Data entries

== Segment start ==

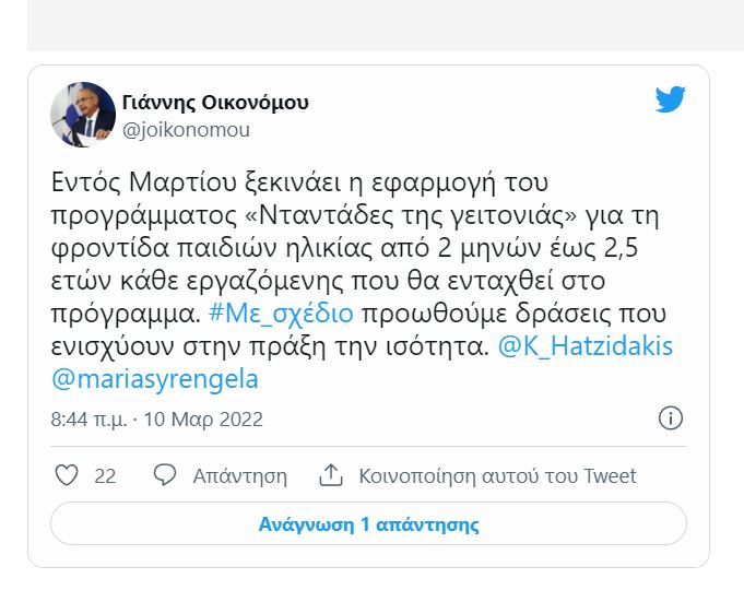 Συγκεκριμένα, ο κ. Οικονόμου αναφέρει: «Εντός Μαρτίου ξεκινάει η εφαρμογή του προγράμματος “Νταντάδες της γειτονιάς” για τη φροντίδα παιδιών ηλικίας από 2 μηνών έως 2,5 ετών κάθε εργαζόμενης που θα ενταχθεί στο πρόγραμμα. #Με_σχέδιο προωθούμε δράσεις που ενισχύουν στην πράξη την ισότητα. @K_Hatzidakis @mariasyrengela».
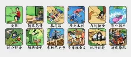 【耍猴、过分好奇、伪装乞讨、轧马路、硬走木桩、与狗抢食、随地睡觉、泰坦尼克号、手痒推女友、拖行前进、湖中飙车、超载摩托】
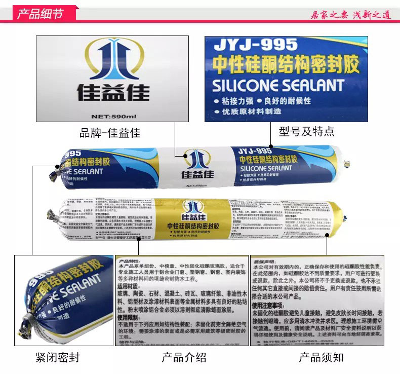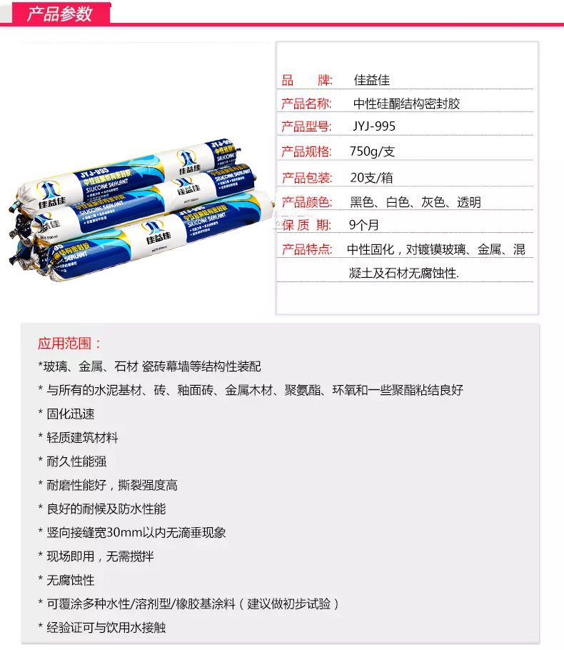 佳益佳995結構膠:◆中性固化,對鍍鏌玻璃、金屬、混凝土及石材無腐蝕性,可以粘貼瓷磚、馬賽克、鋁塑板等;◆良好的使用性能,于廣泛的氣溫下均可施工及具有優異的粘結性;◆優異的耐高低溫、耐紫外線、耐氣溫老化及耐臭氧性能;◆對其他中性硅酮密封膠有良好的相容性。
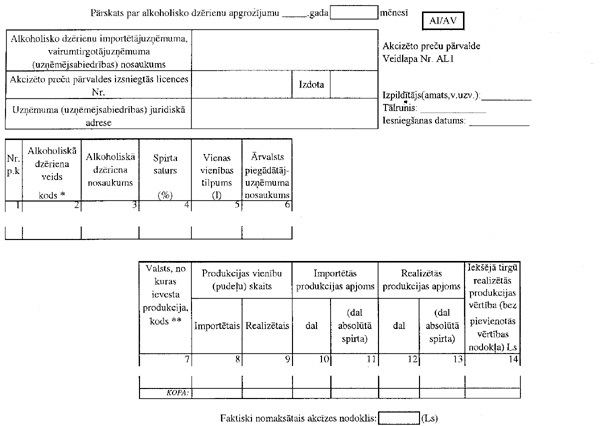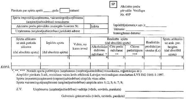 6.4. alkohola pārvadāšanai izmantotā transportlīdzekļa reģistrācijas numurs un transportlīdzekļa vadītāja vārds, uzvārds;
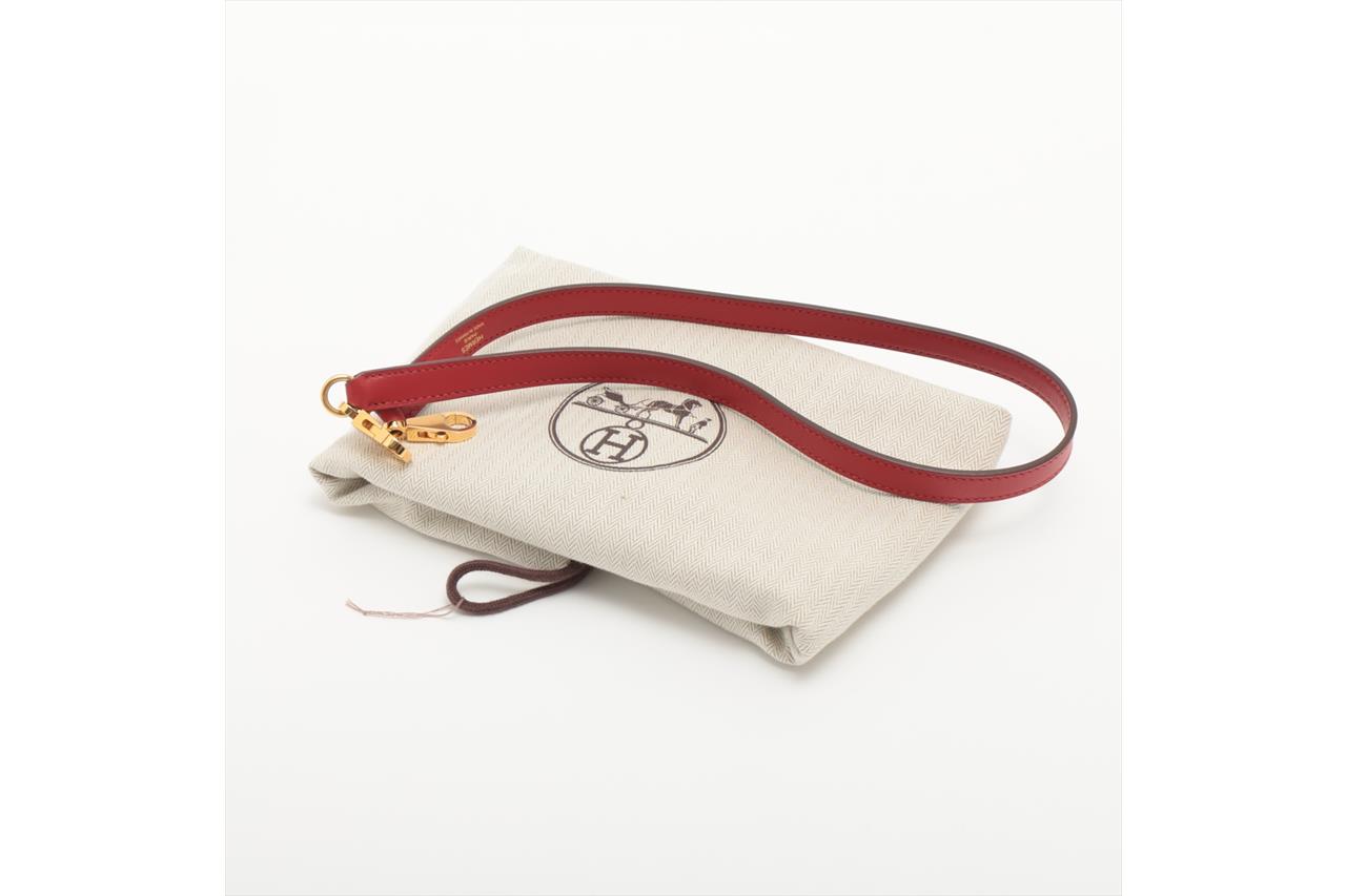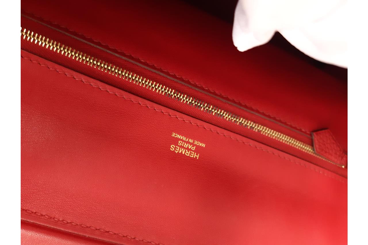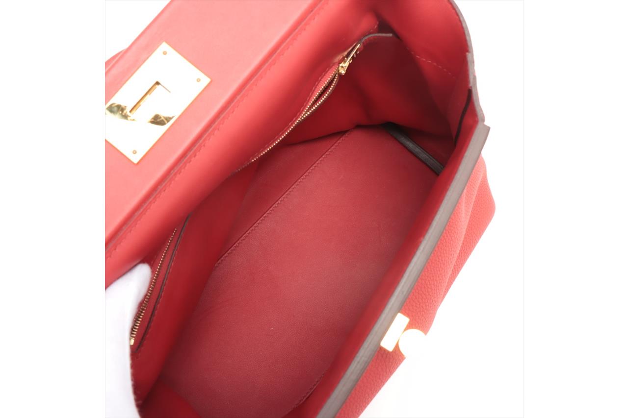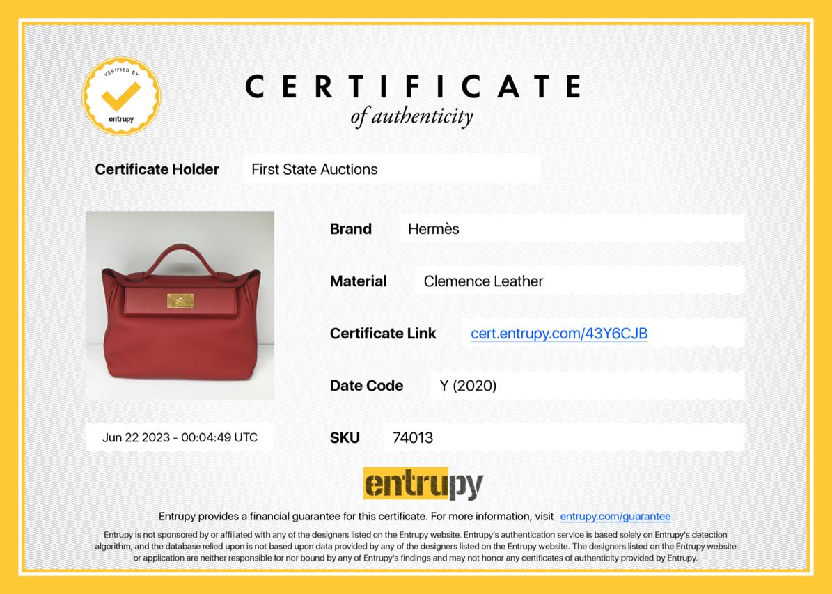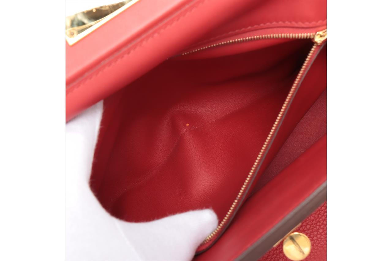 Hermes 24/24 29 2way bag in red Taurillon Clemence leather. (Stamp: Y, circa:2020). Featuring gold-toned hardware, a top leather handle, an exterior pocket at back, frontal flap with turned lock closure. The flap opens to a matching smooth leather interior with a zipper pocket. Approximate dimensions: 28.5cm(L) x 20cm(H) x 13.5cm(D), 6cm handle drop and 34.5cm removable strap drop. Accompanied by Hermes dust bag. With Entrupy Certificate of Authenticity. (Pre-owned)
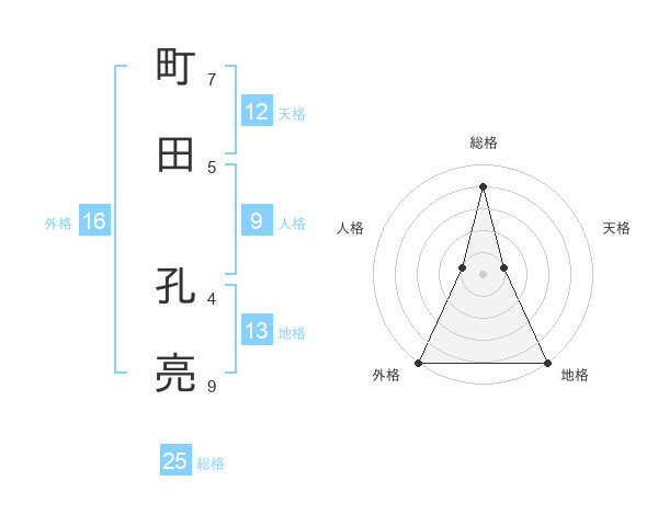 町田 孔亮さんを姓名の画数から五運を鑑定
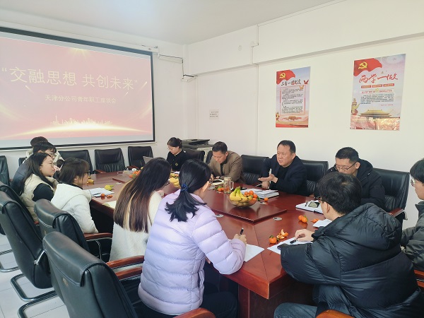 为进一步搭建青年职工与分公司领导间交流与分享的平台,倾听青年职工在工作、生活中的想法与困惑,激发他们的创新思维和工作热情,促进青年职工与企业共同发展,2025年1月23日上午,天津分公司在会议室召开了以“交融思想,共创未来”为主题的青年职工座谈会。经理李广涛、党支部书记臧联合、主任经济师张新广以及9名青年职工齐聚一堂,围绕职业发展、工作感悟等话题展开深入交流。
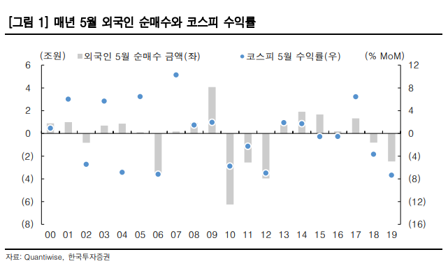 다만 김 연구원은 한국의 수출 부진 등이 부담으로 작용, 올해 5월엔 외국인이 주식을 팔 확률이 높다고 분석했다.
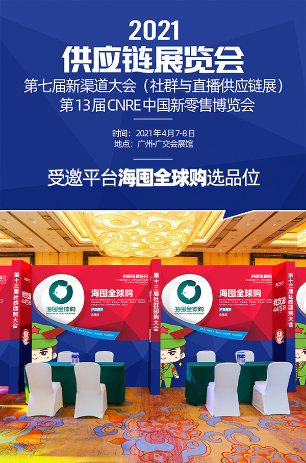 2021供应链展览会,现场采购选品,嘉宾分享干货,现场对接,学习交流,都能满足您的需求,海囤全球购诚邀供货商朋友带着产品来展位洽谈合作。
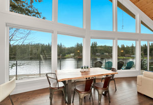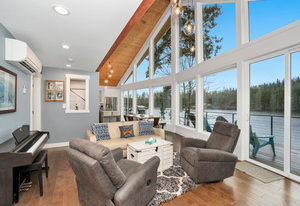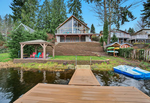 Step inside and experience stellar architectural design, soaring vaulted ceilings, and panoramic views. Designed to bring the beauty of the outdoors inside to you. Watch the eagles fish right from your living room, slide the door to the full length deck, enjoy the private dock and water toys, chill in the gazebo, or just relax and stream your favorite shows inside. A great escape while still being close to all the action!
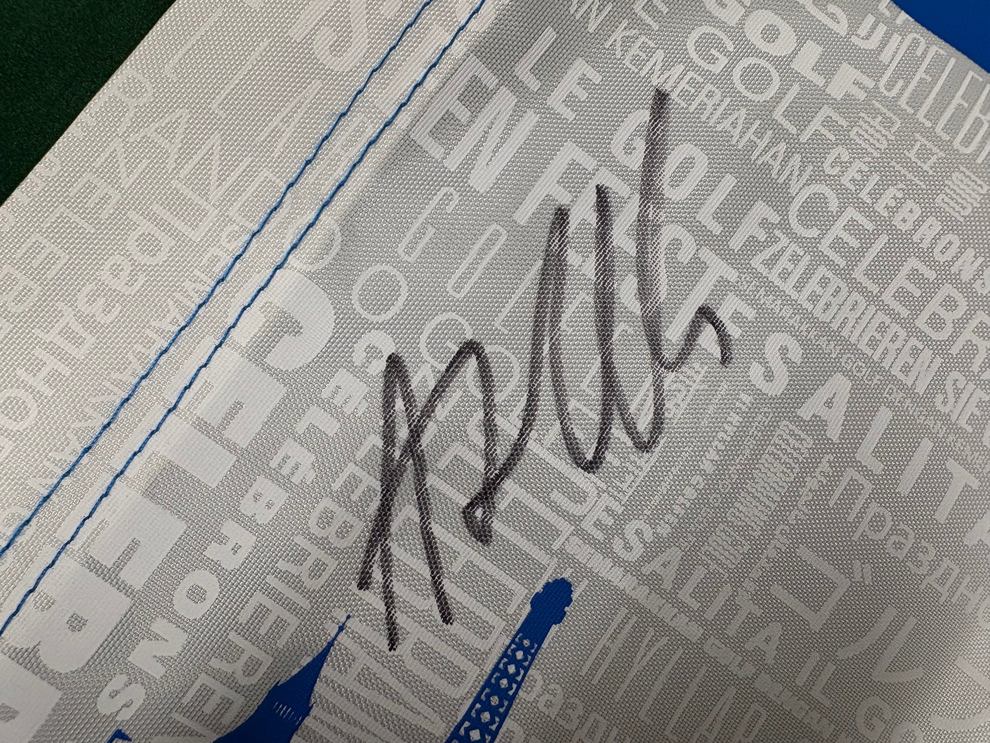 This European Tour golf pin flag, signed by fan favourite Andrew 'Beef' Johnston, comes with a dealer COA. Show your love for the game with this unique and authentic piece.
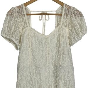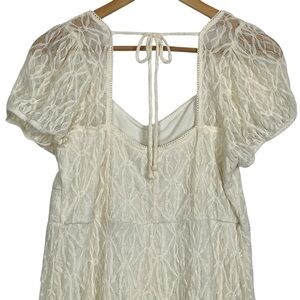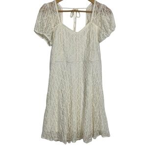 Cream Lace Puff Sleeve Mini Dress Juniors XL 15–17 Romantic Boho Style
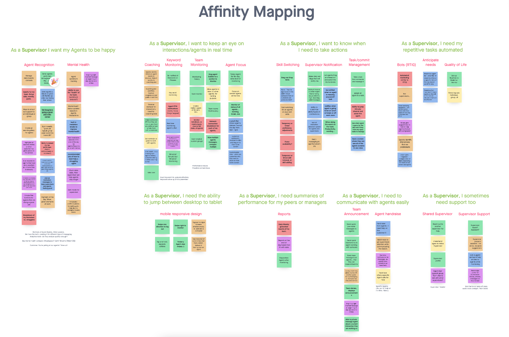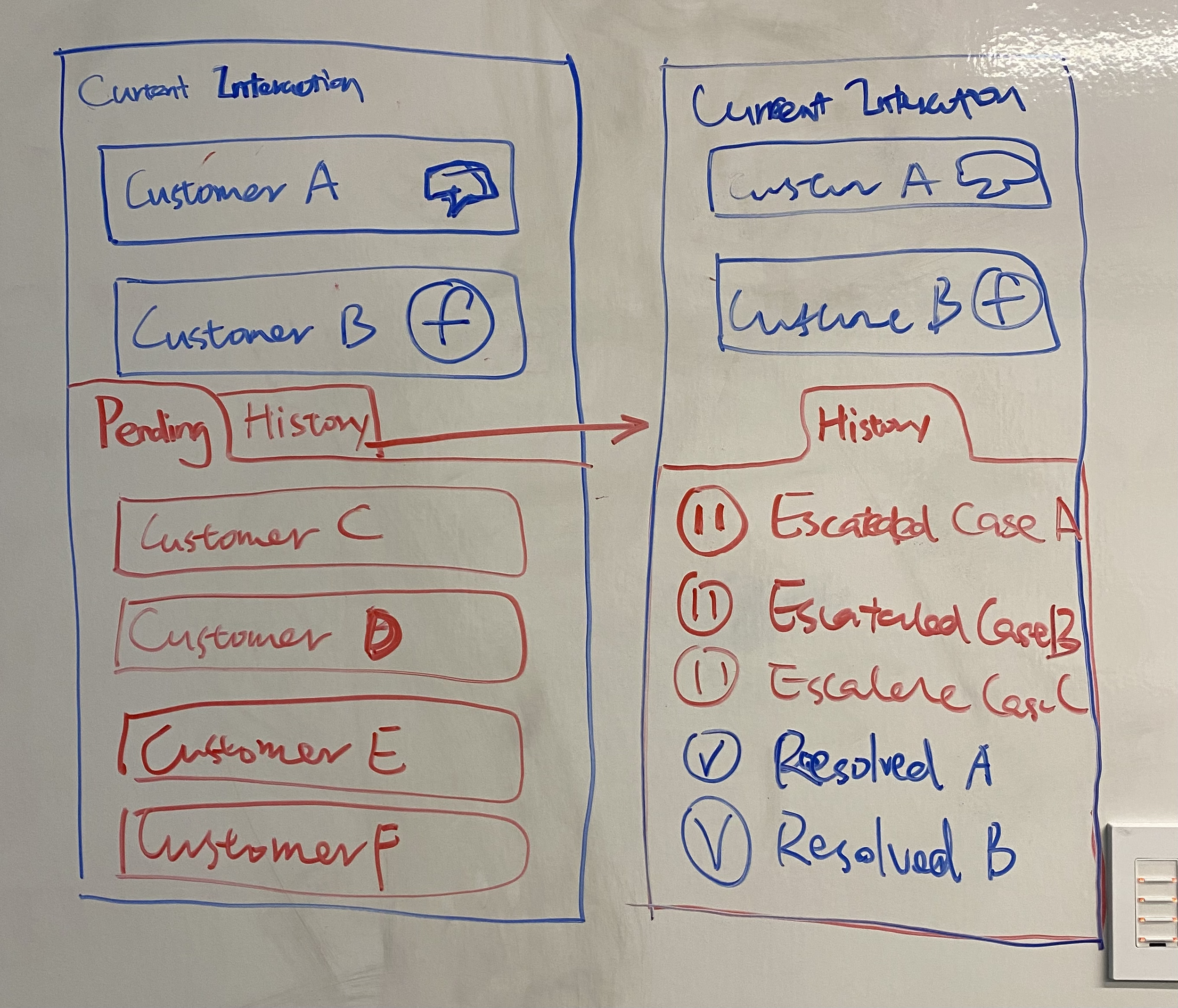 In the early discovery phase, my team and I mapped the full day of both agents and their supervisors. Every phase, every handoff, every communication need between roles. This insight drove the design of the notification and messaging system, letting agents reach out for help or offer assistance without losing focus on active interactions.

== Segment end ==

* Work to be completed
Your task is to print exactly the lines from the one containing "Cream Lace Puff" through the final line of the records above, with no pictures and nothing more.

* Solution for this problem
 Cream Lace Puff Sleeve Mini Dress Juniors XL 15–17 Romantic Boho Style
 In the early discovery phase, my team and I mapped the full day of both agents and their supervisors. Every phase, every handoff, every communication need between roles. This insight drove the design of the notification and messaging system, letting agents reach out for help or offer assistance without losing focus on active interactions.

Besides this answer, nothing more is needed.